SWOG-9320 Combination Chemotherapy, Radiation Therapy, and Antiviral Therapy in Treating Patients With AIDS-Related Lymphoma

Official Title: “STUDY OF PROMACE-CYTABOM WITH TRIMETHOPRIM SULFAMETHOXAZOLE, ZIDOVUDINE (AZT), AND GRANULOCYTE COLONY STIMULATING FACTOR (G-CSF) IN PATIENTS WITH AIDS-RELATED LYMPHOMA, PHASE II”
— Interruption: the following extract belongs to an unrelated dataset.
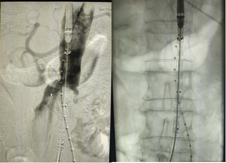 3、建立雙股動(dòng)脈通路;雙側(cè)導(dǎo)管交匯于腹主動(dòng)脈
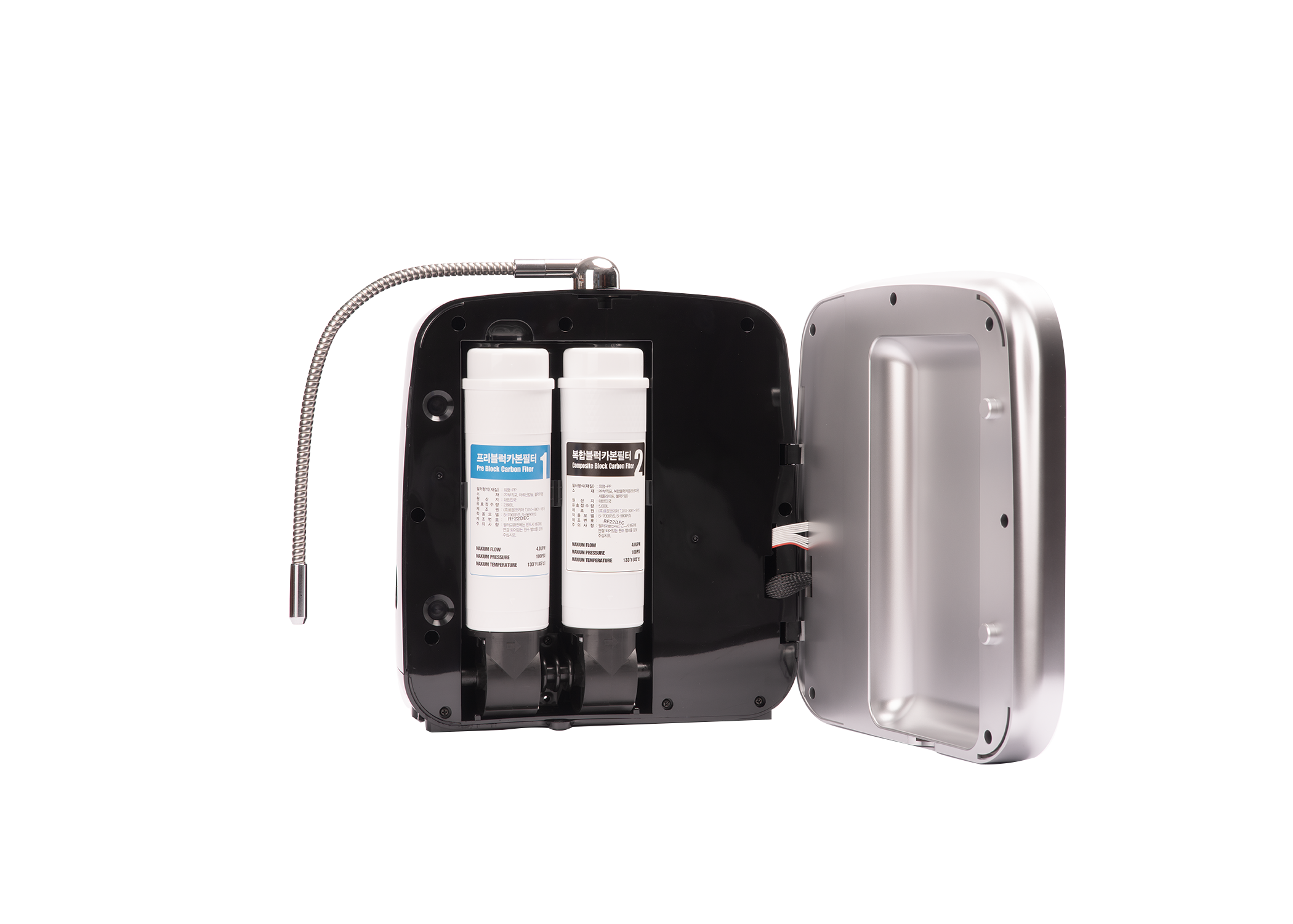 • Two solid block carbon filters (3-stage) that remove 99.99% of bacteria and impurities while retaining essential natural minerals.

RATIONALE: Drugs used in chemotherapy use different ways to stop cancer cells from dividing so they stop growing or die. Radiation therapy uses high-energy x-rays to damage cancer cells. Antiviral therapy may be effective treatment for AIDS-related lymphoma.

PURPOSE: Phase II trial to study the effectiveness of combination chemotherapy, radiation therapy, and antiviral therapy in treating patients who have AIDS-related lymphoma.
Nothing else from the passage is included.